In the first ever meeting, and only the 43rd game ever played by Arkansas and the 42nd ever played by Texas A&M, the Aggies won 6–0. The Aggies were coached by J. E. Platt and the Razorbacks were coached (in his only season as a head coach) by D. A. McDaniel.

=== 1937 – First ranking in series ===
Arkansas 26 – Texas A&M 13

After the introduction of the AP Poll in the 1936 season, the first ranking in the series came just the next year, with defending conference champions Arkansas being ranked No. 20 prior to the matchup. Arkansas won 26–13, in the two teams' second meeting in Fayetteville as conference foes.

=== 1939 – Texas A&M's national championship year ===
Texas A&M 27 – Arkansas 0

In 1939, after winning the game 27–0, the Aggies went on to an overall record of 11–0 and named the college football national champions in the Associated Press writers' poll for the 1939 college football season.

=== 1964 – Arkansas's national championship year ===
Arkansas 17 – Texas A&M 0

In 1964, after winning the game 17–0 in College Station, Texas, the Razorbacks went on to an overall record of 11–0 and won the college football national championship by beating Nebraska in the Cotton Bowl Classic. The Aggies were coached (in his final season) by Hank Foldberg, and Arkansas was coached by Hall of Fame coach Frank Broyles. This game marked the beginning of a streak of three straight scoreless games in the series for the Aggies.
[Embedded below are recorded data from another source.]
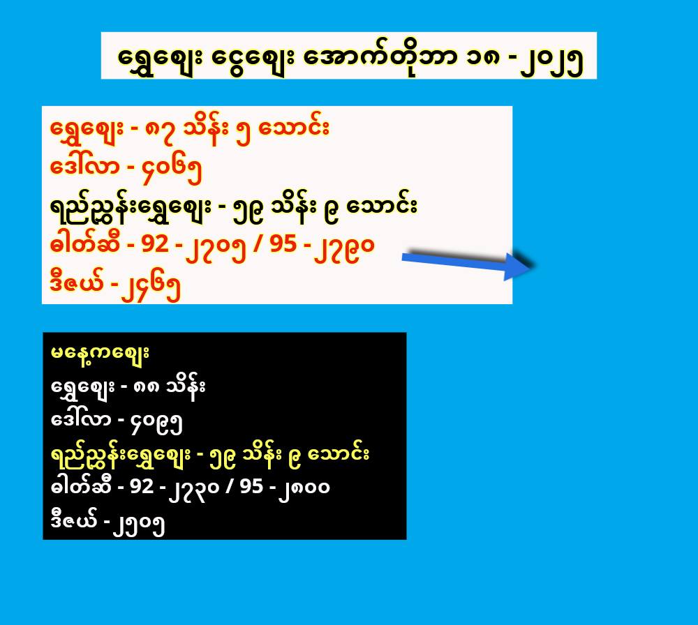 ဓါတ်ဆီ – 92 – ၂၇၃၀ / 95 – ၂၈၀၀
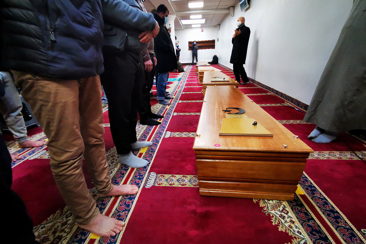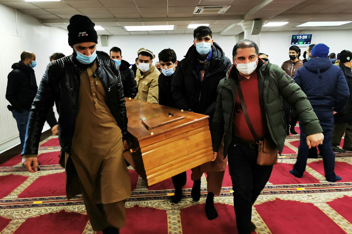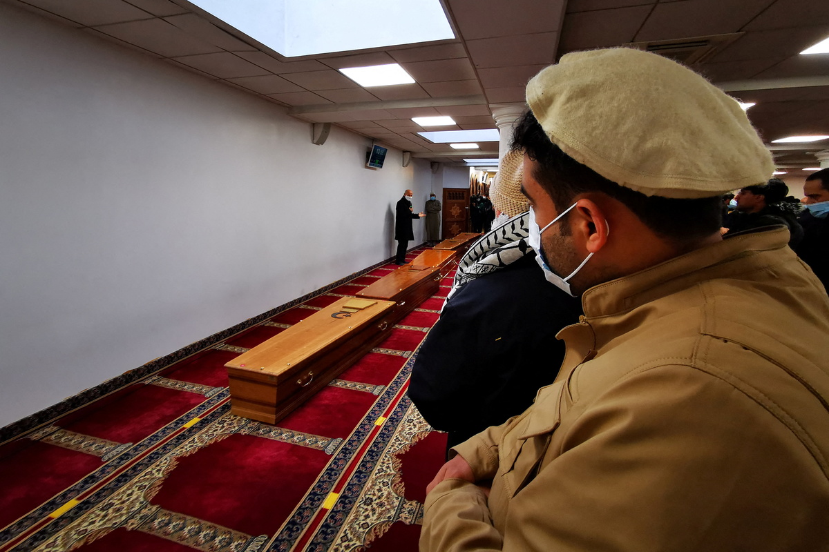 The coffins were borne to the Al Imane Mosque in the northern French city of Lille, where around 100 people, many of them Afghans from around the region, gathered for the recital of the Islamic funeral prayer.
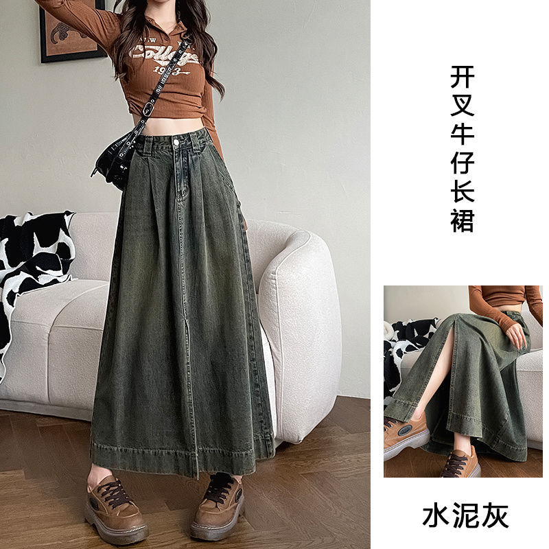 【大人気】ハイウエストスリットデニムスカート レディース新作 ゆったりシルエット 細見え ミディ丈スカート

=== 1975 – First ranked matchup ===
Arkansas 31 – Texas A&M 6

In 1975, Texas A&M was undefeated at 10–0 and ranked No. 2 in the nation coming into the regular season finale at No. 18 Arkansas. The game was played in Little Rock at War Memorial Stadium in front of a national audience, broadcast on ABC. If the Aggies won, they would clinch the Southwest Conference championship outright, and would have a chance to win a national championship in the 1976 Cotton Bowl Classic. But it wasn't to be, as the Razorbacks defeated Texas A&M 31–6, forcing a three-way tie for the SWC crown between Arkansas, Texas, and Texas A&M, sending the Razorbacks to the Cotton Bowl. Arkansas would beat Georgia in the Cotton Bowl Classic, 31–10, finishing the season 10–2 and ranked No. 7 in the AP poll. Meanwhile, the Aggies would stumble in a Liberty Bowl loss to USC, 20–0, and also finish the season with a 10–2 record and No. 11 ranking in the AP poll.

=== 1980 ===
Arkansas 27 – Texas A&M 24

The 1980 contest won by Arkansas 27–24 was Texas A&M's 800th game ever played by the program. Arkansas was led by head coach Lou Holtz in his fourth year with the team, and went on to an overall record of 7–5 (3–5 in conference) for the season. The Aggies were led by Tom Wilson in his next to last season with the team, and finished the year 4–7 (3–5 in conference).

=== 1986 ===
Arkansas 14 – Texas A&M 10

In 1986, the No. 7 Aggies were the defending Southwest Conference champions when they rolled into Little Rock to face No. 17 Arkansas in front of a sell out crowd at War Memorial Stadium. The Razorbacks would jump out to an early 7–0 lead, but Texas A&M would tie the game with a touchdown of their own, and the teams would be tied at halftime, 7–7, due to a missed A&M field goal. Arkansas would take back the lead in the 3rd quarter on a Greg Thomas touchdown run. The Razorback defense played great all game long, holding the Aggies to a field goal in the second half. On fourth down from inside the Arkansas fifteen yard line, Arkansas's defense tipped away an Aggie pass into the end zone in the closing seconds of the game, securing the victory for the Razorbacks. Both teams would finish the season 9–3 after bowl losses.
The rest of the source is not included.